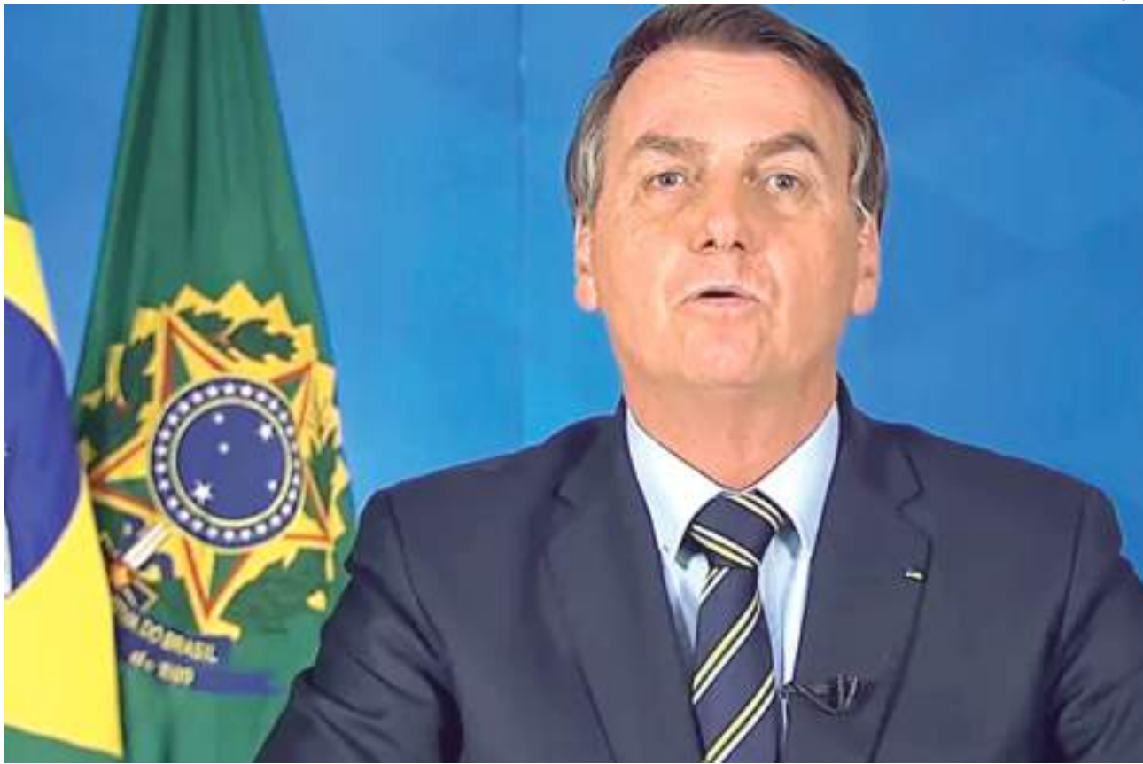
Integrantes do Planalto afirmam que Bolsonaro estaria irritado com a bancada de parlamentares do Amazonas

Disse o governador, ao comentar os impactos do decreto para a ZFM. A redução do IPI para todo o país compromete a competitividade do Polo Industrial de Manaus (PIM), que reúne cerca de 500 indústrias e gera mais de 100 mil empregos diretos. A Procuradoria Geral do Estado (PGE-AM) já estaria com a Adin pronta para apresentar ao STF, pedindo a revogação do decreto, em respeito às garantias constitucionais da ZFM”, disse o governador.
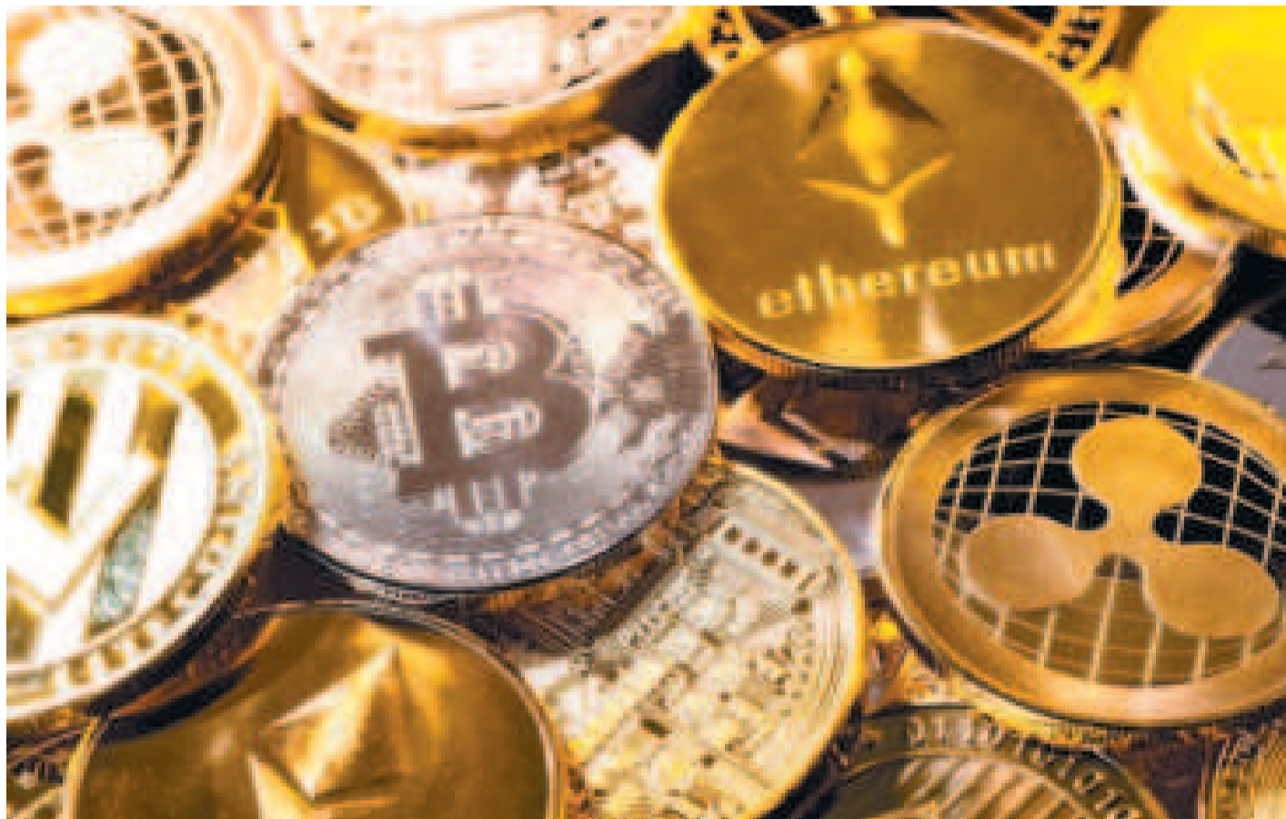
Representación de las monedas digitales.
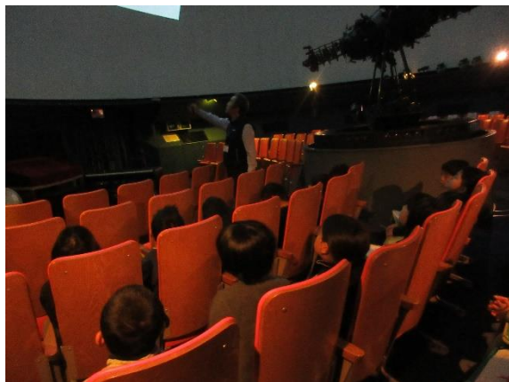
4年生 プラネタリウム

3・4年生ともに、講師の先生の話を中心して聞き、元気よく受け答えしていました。班の友達とも協力して学びを深めていました。

### [Exercise description]
Once the pictures are set aside, write out each record exactly.

### [Reply]
Integrantes do Planalto afirmam que Bolsonaro estaria irritado com a bancada de parlamentares do Amazonas

Disse o governador, ao comentar os impactos do decreto para a ZFM. A redução do IPI para todo o país compromete a competitividade do Polo Industrial de Manaus (PIM), que reúne cerca de 500 indústrias e gera mais de 100 mil empregos diretos. A Procuradoria Geral do Estado (PGE-AM) já estaria com a Adin pronta para apresentar ao STF, pedindo a revogação do decreto, em respeito às garantias constitucionais da ZFM”, disse o governador.
Representación de las monedas digitales.
4年生 プラネタリウム

3・4年生ともに、講師の先生の話を中心して聞き、元気よく受け答えしていました。班の友達とも協力して学びを深めていました。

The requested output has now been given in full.